Anyway, yes, the full relativistic Doppler formula depends upon the angle between the light ray path and the relative velocity vector. For the source in the primed frame, the frequency relationship is f'/f = [1 + (v/c) cos(theta)]/[1 - (v/c)^2]^1/2, where theta is the angle mentioned. As you noted, the observation is dependent on this angle. Note also that at theta = pi/2 we have just the transverse Doppler effect. This can be seen as a reduction to where the frequencies are related by simply f'/f = [1 - (v/c)^2], which is simply the time dilation.

It is instructive to see the expansion of the derived vector form where v is the instantaneous velocity and v_r is the radial velocity component. The relationship f'/f = [(1 + v_r/c]/[1 - (v/c)^2]^1/2 can be expanded to 1 + v_r/c + v^2/(2c^2) + higher order terms O(v^3/c^3). This shows that the relativistic Doppler shift can be seen as the classical Doppler of 1 + v_r/c and the relativistic effect of v^2/(2c^2), at least to the order specified.

Have I got this right?  Although I'm an optical engineer by profession, I haven't needed to use relativistic mechanics for about 18 years now.

You seem to be doing fine, but you are just not moving fast enough!

p.s. The field you are in is wonderfully inventive and as long as you continue to enjoy yourself I suspect the challenge will be there for some time.

[aturner]

Terribly sorry about the misspelling, Stephen, I actually caught the error after posting and considered sending a correction. Should have, apparently.

[stephen_speicher]

Terribly sorry about the misspelling, Stephen,  I actually caught the error after posting and considered sending a correction.  Should have, apparently.
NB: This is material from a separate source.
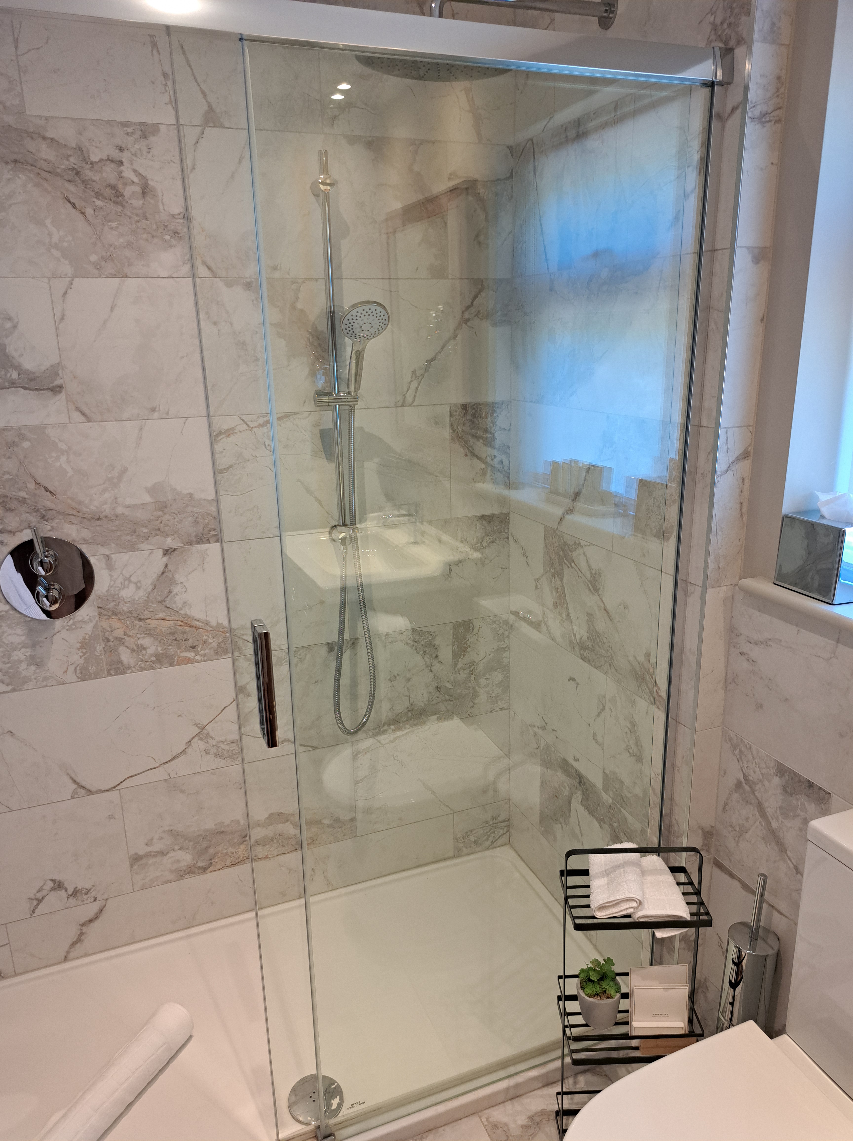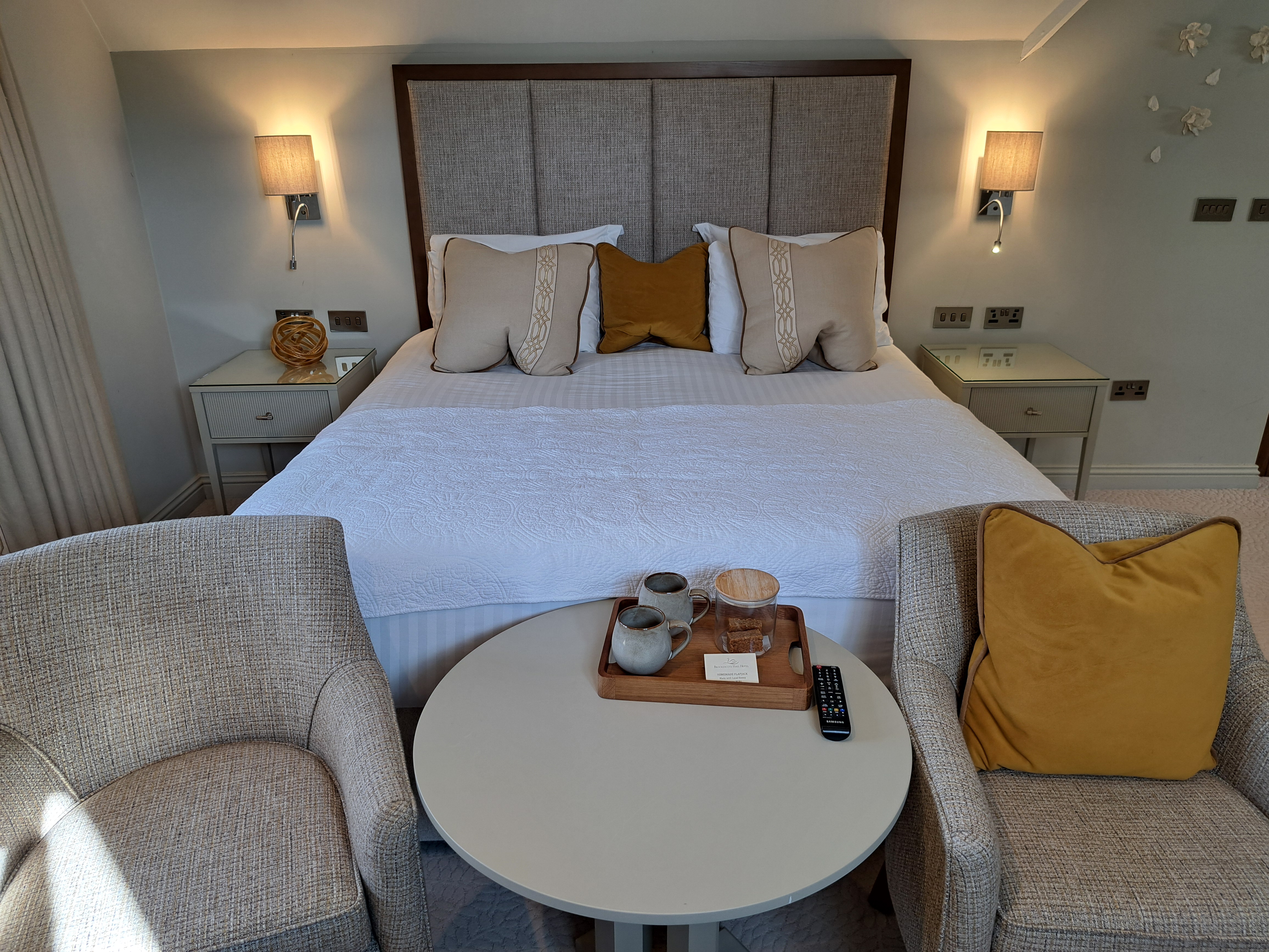 Our spacious feature bedroom was very peaceful and comfortable room with a king sized bed, two armchairs with a table and dressing table with a chair. The décor was tasteful, traditional and beautifully appointed. The room included a wide range of tea sachets and an Espresso coffee making machine, a Hairdryer, Flat screen Freeview Television, a Safe and most impressive of all, a large state of the art Ensuite bathroom with shower, bath robes, large fluffy towels and Luxury toiletries.

That's okay. It's just a little annoying. I cannot figure out why so many people morph a name like mine into something else, but not do the same with other names.

[aturner]

I have a difference of opinion on Stephen being a uniquely morphed name. Apparently, Aaron = Erin = Aron = Arron. And believe me, that first mispelling eventually gets on one's nerves.

Aaron Turner

[Ed from OC]

With the box at rest with respect to the observer, record the frequency (or wavelength) of the light.  Lets say it is 530 nanometers (a favorite of mine).

Me too. It's a pretty shade of green. Have you played with a doubled Nd:YVO4? It makes a nice deep blue at 457 nm.